SEC amend recordkeeping rules after fining 15 Wall Street broker-dealers $1.1 billion
The audit-trail alternative is designed to provide broker-dealers with greater flexibility in configuring their electronic recordkeeping systems so they more closely align with current electronic recordkeeping practices while also protecting the authenticity and reliability of original records.
The Securities and Exchange Commission has amended the rules regarding electronic recordkeeping, prompt production of records, and third-party recordkeeping service requirements applicable to broker-dealers, security-based swap dealers (SBSDs), and major security-based swap participants (MSBSPs).
The SEC voted on the amendments in an effort to modernize recordkeeping requirements as much has changed in the last two decades, namely the technology.
The new rules are adaptable to new technologies in electronic recordkeeping and facilitate examinations of broker-dealers, SBSDs, and MSBSPs.
Amendments provide greater flexibility for broker-dealers
SEC Chair Gary Gensler, said: “I am pleased to support these rule amendments because they will bring the Commission’s electronic recordkeeping requirements for intermediaries such as broker-dealers and security-based swap dealers in line with technological innovation. Since the 1930s, recordkeeping obligations have been vital to maintain market integrity and the SEC’s work as the cop on the beat. Today’s rule amendments will facilitate the SEC’s ability to examine and inspect records consistent with modern technology. This will enhance the Commission’s ability to preserve market integrity and protect investors.”
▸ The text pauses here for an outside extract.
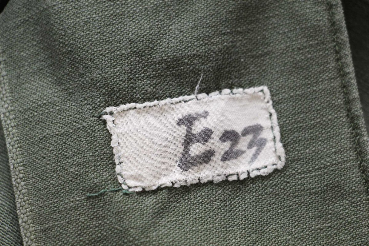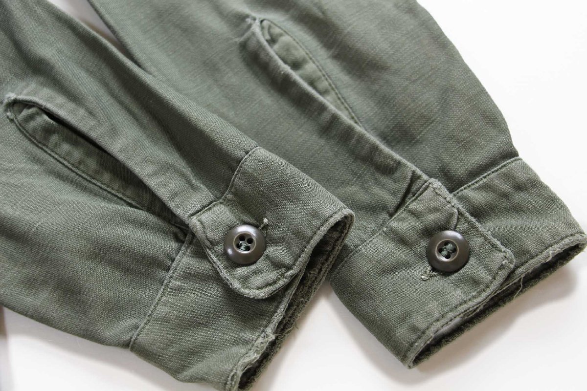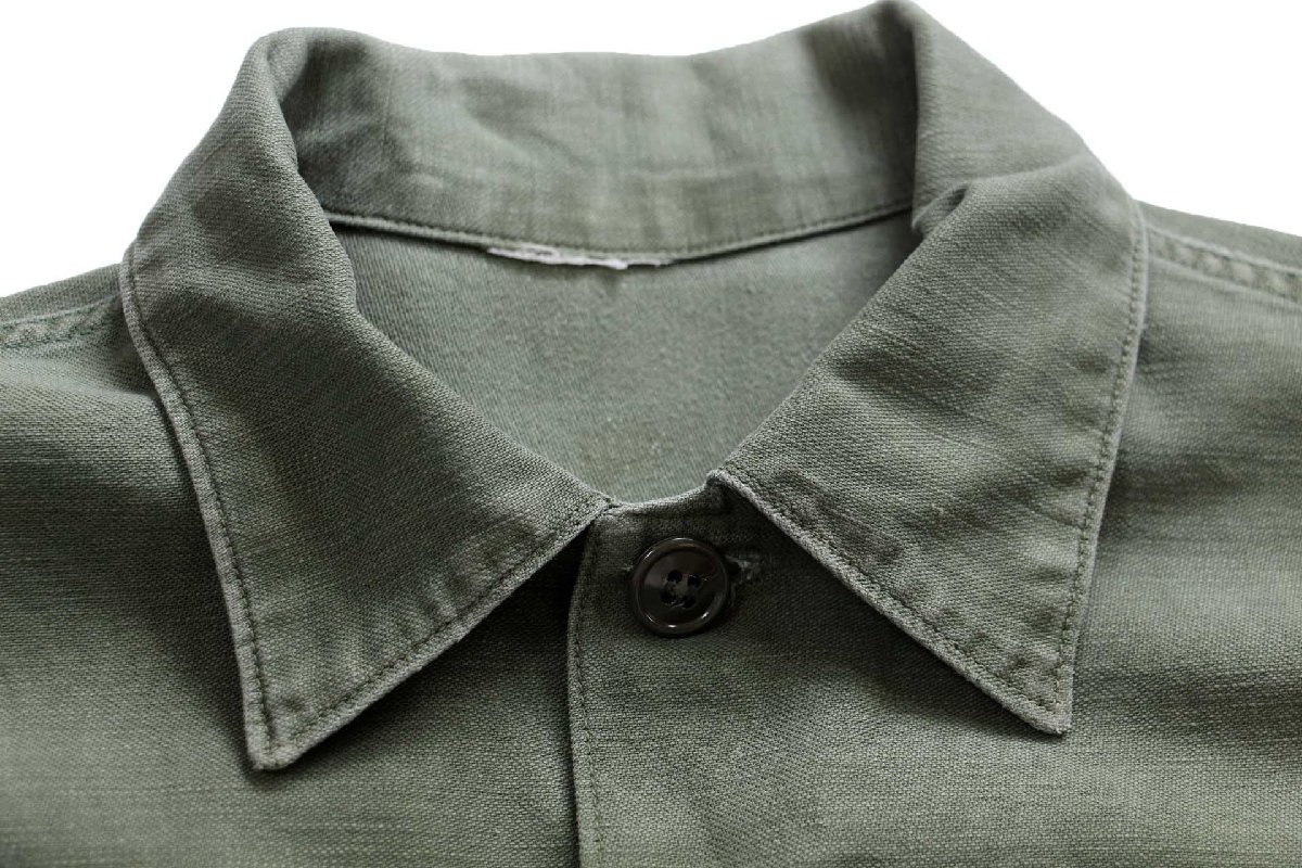 コンディション:着用感があり、全体的に色落ち、背中襟下に僅かな薄汚れ、右胸ポケットにリペア(縫い直し)やパッチの剥がし跡、袖口に多少の擦れ、トップボタンが交換されています。目立つダメージや酷い汚れはなく、生地もしっかりしていて、古着慣れされている方なら問題なく着用いただける程度です。

The SEC’s broker-dealer electronic recordkeeping rule currently requires firms to preserve electronic records exclusively in a non-rewriteable, non-erasable format, known as the write once, read many format.
The amendments add an audit-trail alternative under which electronic records can be preserved in a manner that permits the recreation of an original record if it is altered, over-written, or erased.
The audit-trail alternative is designed to provide broker-dealers with greater flexibility in configuring their electronic recordkeeping systems so they more closely align with current electronic recordkeeping practices while also protecting the authenticity and reliability of original records. The amendments apply the same requirements to nonbank SBSDs and MSBSPs.
The amendments also require broker-dealers and all types of SBSDs and MSBSPs to produce electronic records to securities regulators in a reasonably usable electronic format.
The final amendments will become effective 60 days after publication in the Federal Register. The compliance dates for the new requirements will be six months after publication in the Federal Register in the case of broker-dealers and 12 months after publication in the Federal Register in the case of SBSDs and MSBSPs.
SEC fined 15 Wall Street broker-dealers $1.1 billion in September
In September, the SEC charged 15 broker-dealers and one affiliated investment adviser for widespread and longstanding failures by the firms and their employees to maintain and preserve electronic communications.
The firms agreed to pay combined penalties of more than $1.1 billion, and have begun implementing improvements to their compliance policies and procedures to settle these matters.
- The following eight firms (and five affiliates) have agreed to pay penalties of $125 million each:
- Barclays Capital Inc.;
- BofA Securities Inc. together with Merrill Lynch, Pierce, Fenner & Smith Inc.;
- Citigroup Global Markets Inc.;
- Credit Suisse Securities (USA) LLC;
- Deutsche Bank Securities Inc. together with DWS Distributors Inc. and DWS Investment Management Americas, Inc.;
- Goldman Sachs & Co. LLC;
- Morgan Stanley & Co. LLC together with Morgan Stanley Smith Barney LLC; and
- UBS Securities LLC together with UBS Financial Services Inc.
- The following two firms have agreed to pay penalties of $50 million each:
- Jefferies LLC; and
- Nomura Securities International, Inc.
- Cantor Fitzgerald & Co. has agreed to pay a $10 million penalty.